Summary
Cambridge University Lawn Tennis Club is one of the most ancient lawn tennis clubs in the world. It was founded in 1881, seven years before the Lawn Tennis Association of Great Britain was founded.
Description
The Club
Up to the Second World War, after which lawn tennis became less of an amateur pursuit, Cambridge Blues won no less than 28 Wimbledon Championships in singles and doubles. H. W. W. Wilberforce was President, and then the first Chairman,of the All England Club. Cambridge Blues have included such famous names as H. L. Doherty and R. F. Doherty, Anthony Wilding, C. R. D. Tuckey, H. W. ('Bunny') Austin (who, with Tuckey, helped Fred Perry to win the Davis Cup for Great Britain in four successive years from 1933 to 1936) and more recently, Mark Cox, who was in the British team which reached the final of the Davis Cup against t he USA in 1978.
Cambridge University Lawn Tennis Club is one of the most ancient lawn tennis clubs in the world. It was founded in 1881, seven years before the Lawn Tennis Association of Great Britain was founded.

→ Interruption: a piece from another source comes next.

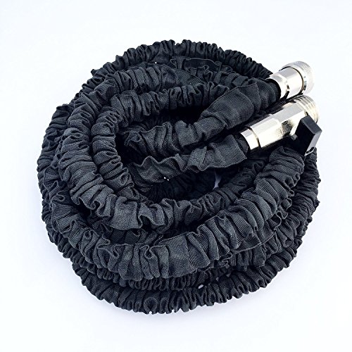 Durark 50ft Heavy Duty Expandable Hose (Black), Upgraded Brass Fittings and Shut-off Valve, Toughest, Flexible, Expanding Garden and Utility Hose (50 foot) - Extra Washers Included - Lifetime Warranty

Although it is called a 'club' it is actually the lawn tennis association of the whole of the University of Cambridge, representing the University as a whole, the thirty-one Colleges, and the other institutions which are part of the University.
It is directly affiliated to the Lawn Tennis Association of Great Britain and has a representative on the Council and on the Board of the Association. The present Chairman of the Club, Sir Geoffrey Cass, was President of the Lawn Tennis Association and Chairman of the L.T.A. Council 1997-1999.
The University and Colleges give considerable support to British tennis by making available their administrative and playing facilities. CULTC regularly arranges for County Week groups to be held on College grounds.
The annual fixture list is one of the strongest in Britain. It includes matches against many different counties, as well as the All England Club, the International Club, The Queen's Club, and Ealing, Roehampton, Hurlingham and Cumberland lawn tennis clubs; also half-a-dozen universities, and a dozen other clubs and teams. Over 80% of the Club's annual fixtures are home matches, which means that in a typical year about 40 tennis teams from all over Britain are entertained for a day in Cambridge in Fenner's.